Hebrew API

Hebrew G2P provides phoneme conversion using the phonikud package for handling Hebrew text with diacritics (nikud).

Main Class

class kokorog2p.he.HebrewG2P(language: str = 'he', use_espeak_fallback: bool = False, use_goruut_fallback: bool = False, load_silver: bool = True, load_gold: bool = True, preserve_punctuation: bool = True, preserve_stress: bool = True, version: str = '1.0', **kwargs: Any)[source]

Bases: G2PBase

Hebrew G2P using phonikud for phonemization.

This class converts Hebrew text to phonemes using the phonikud package. Hebrew text is expected to be with enhanced diacritics (nikud) for accurate phonemization.

Example:
>>> g2p = HebrewG2P()
>>> tokens = g2p("שָׁלוֹם")  # "shalom" with nikud
>>> for token in tokens:
...     print(f"{token.text} -> {token.phonemes}")
__init__(language: str = 'he', use_espeak_fallback: bool = False, use_goruut_fallback: bool = False, load_silver: bool = True, load_gold: bool = True, preserve_punctuation: bool = True, preserve_stress: bool = True, version: str = '1.0', **kwargs: Any) None[source]

Initialize the Hebrew G2P.

Args:

language: Language code (e.g., ‘he’, ‘he-il’, ‘heb’, ‘hebrew’). use_espeak_fallback: Whether to use espeak for unknown words.

Not typically used for Hebrew. Defaults to False.

use_goruut_fallback: Whether to use goruut for unknown words.

Not typically used for Hebrew. Defaults to False.

load_silver: Reserved for API consistency. Hebrew doesn’t use

dictionary tiers. Defaults to True.

load_gold: Reserved for API consistency. Hebrew doesn’t use

dictionary tiers.

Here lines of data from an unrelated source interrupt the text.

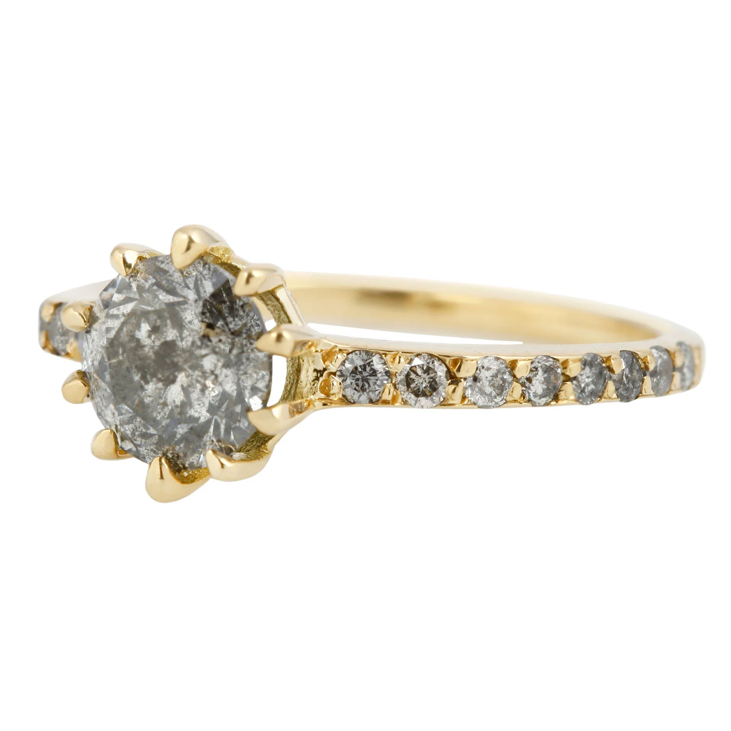 A classic solitaire design gets an upgrade with dark and smoky salt and pepper diamonds. Ten shiny gold prongs clasp the round gray stone. Pavé salt and pepper diamonds run along either side of the yellow gold band. Elegance and grace by Lauren Wolf.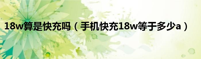 大家好,小生来为大家讲解下。18w算是快充吗,手机快充18w等于多少a很多人还不知道,现在让我们一起来看看吧!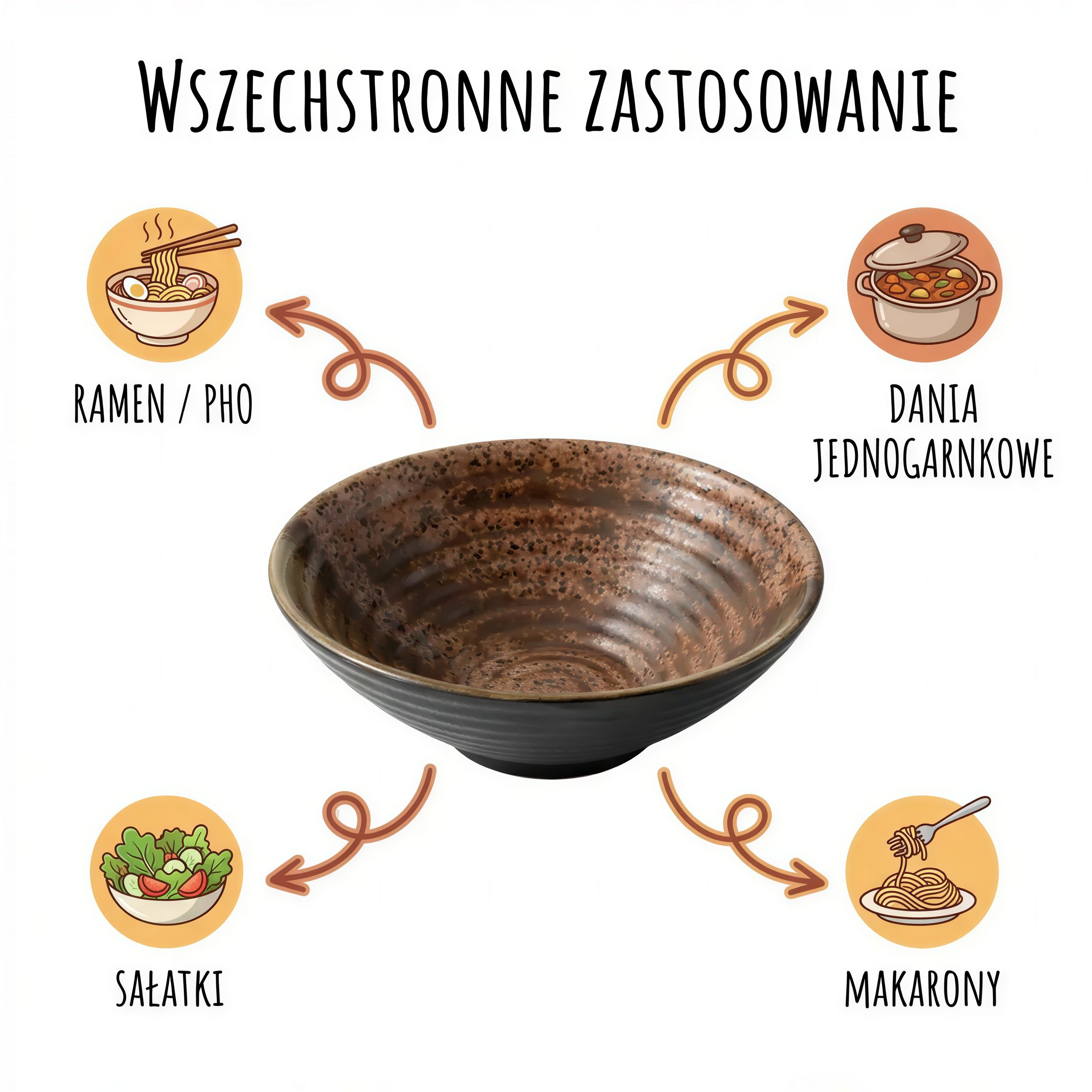 Ste naveličani skled, ki hitro postanejo dolgočasne, so običajne in ne odražajo vzdušja vaše kuhinje? Uživanje ramena ali juhe vsak dan je lahko dolgočasno, če jih postrežete v čemerkoli ☕. Keramična skleda za ramen ONDES je več kot le navaden krožnik – je prava okrasitev mize, ki zahvaljujoč ročni glazuri in edinstveni, naravni teksturi v črni barvi z rjavimi poudarki v vašo kuhinjo vnese vzdušje mirne Azije ✨. S prostornino 1 l in premerom 20,7 cm je idealna za ramen, juhe, solate ali predjedi, saj je primerna za pomivanje v pomivalnem stroju in mikrovalovno pečico, pa olajša vsakodnevno uporabo ⚡. Zahvaljujoč tej skledi bo vsak obrok postal užitek in počutili se boste kot v svoji najljubši japonski restavraciji, le da ste doma ❤️. ✅ Edinstvena oblika – ročno glaziranje in edinstvena tekstura ustvarjata edinstveno vzdušje. ✅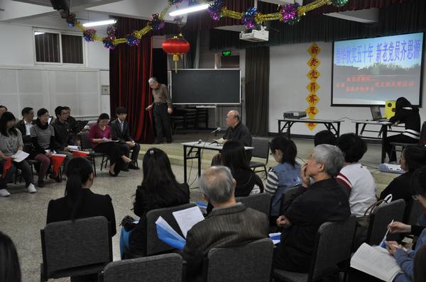 为庆祝北京语言大学成立50周年,4月27日下午,国际商学院学生党支部与北语离退休处党支部在老干部活动中心开展了“春华秋实50年 新老党员齐思源”支部共建活动。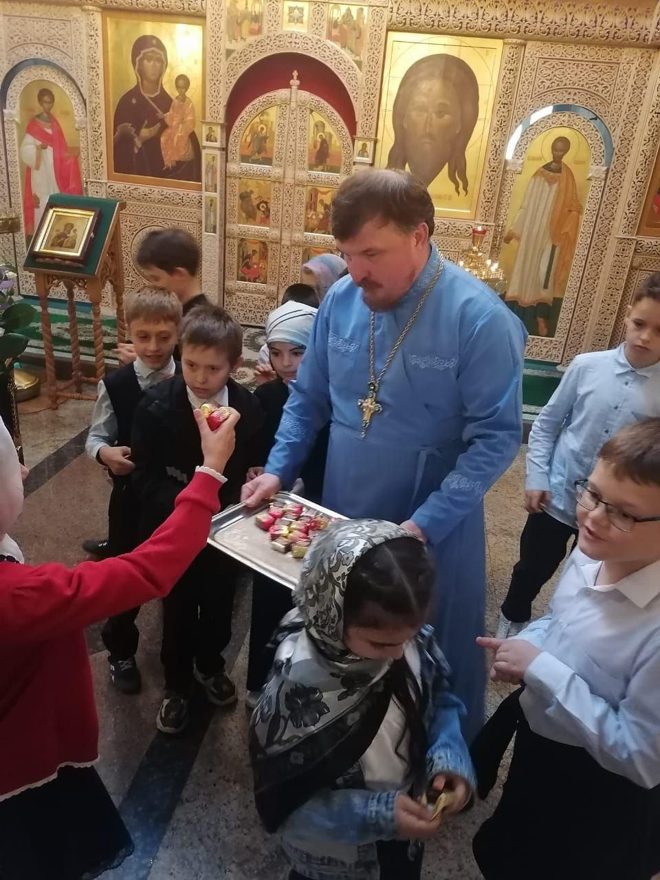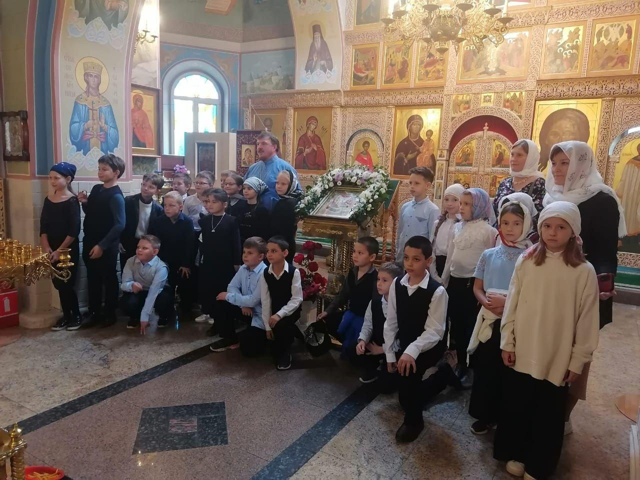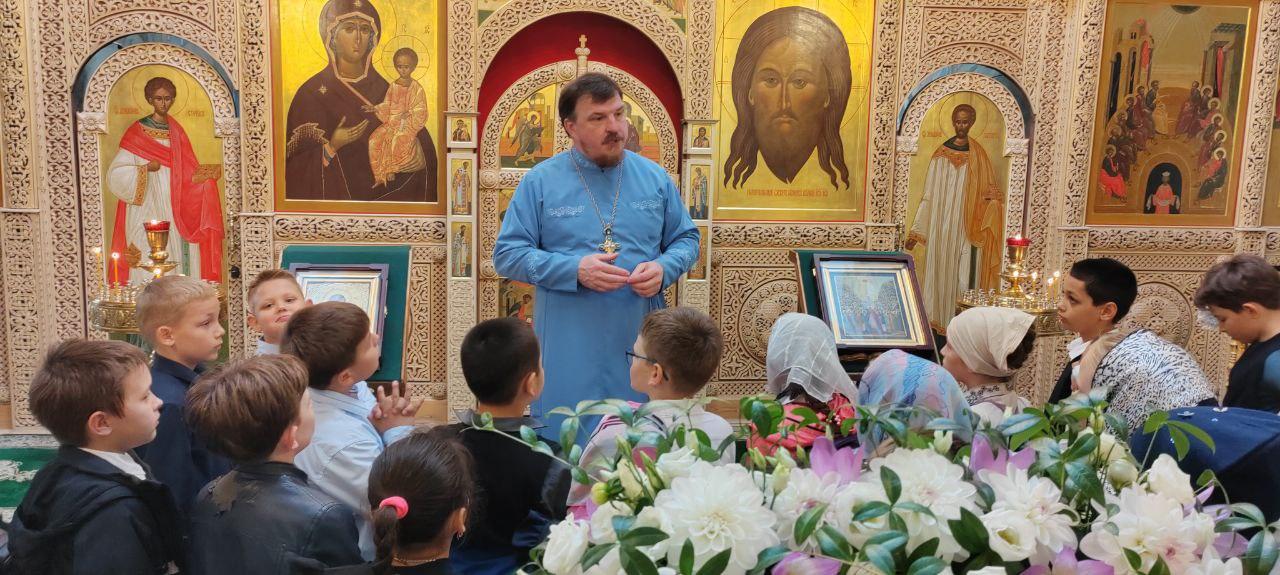 21 сентября в Свято-Духовском храме деревни Дубровки состоялась встреча настоятеля храма протоиерея Димитрия Колупаева с учащимися Подосинковской школы. Отец Димитрий рассказал детям о празднике Рождества Пресвятой Богородицы, а также о покровителях детей святом мученике Гаврииле Белостокском и преподобном Стилиане Пафлагонском.

Defaults to True.

preserve_punctuation: Whether to preserve punctuation in output.

Defaults to True.

preserve_stress: Whether to preserve stress markers in output.

Defaults to True.

**kwargs: Additional arguments passed to phonikud.phonemize().

property phonikud

Lazy initialization of phonikud backend.

__call__(text: str) list[GToken][source]

Convert Hebrew text to tokens with phonemes.

Args:

text: Input Hebrew text to convert (preferably with nikud).

Returns:

List of GToken objects with phonemes.

lookup(word: str, tag: str | None = None) str | None[source]

Look up a Hebrew word and return its phonetic representation.

Args:

word: The word to look up (preferably with nikud). tag: Optional POS tag (not used in Hebrew G2P).

Returns:

Phoneme string or None if phonikud is not available.

get_target_model() str[source]

Get the target Kokoro model variant for this G2P instance.

Returns:

Model identifier: version string (“1.1” or “1.0”).

Examples

from kokorog2p.he import HebrewG2P

g2p = HebrewG2P(language="he-il")
tokens = g2p("שלום עולם!")

for token in tokens:
    print(f"{token.text} -> {token.phonemes}")

Implementation

The Hebrew G2P implementation uses the phonikud package which:

  • Handles Hebrew text with diacritics (nikud)

  • Converts Hebrew to IPA phoneme representation

  • Supports both modern and biblical Hebrew

Reference: https://github.com/thewh1teagle/phonikud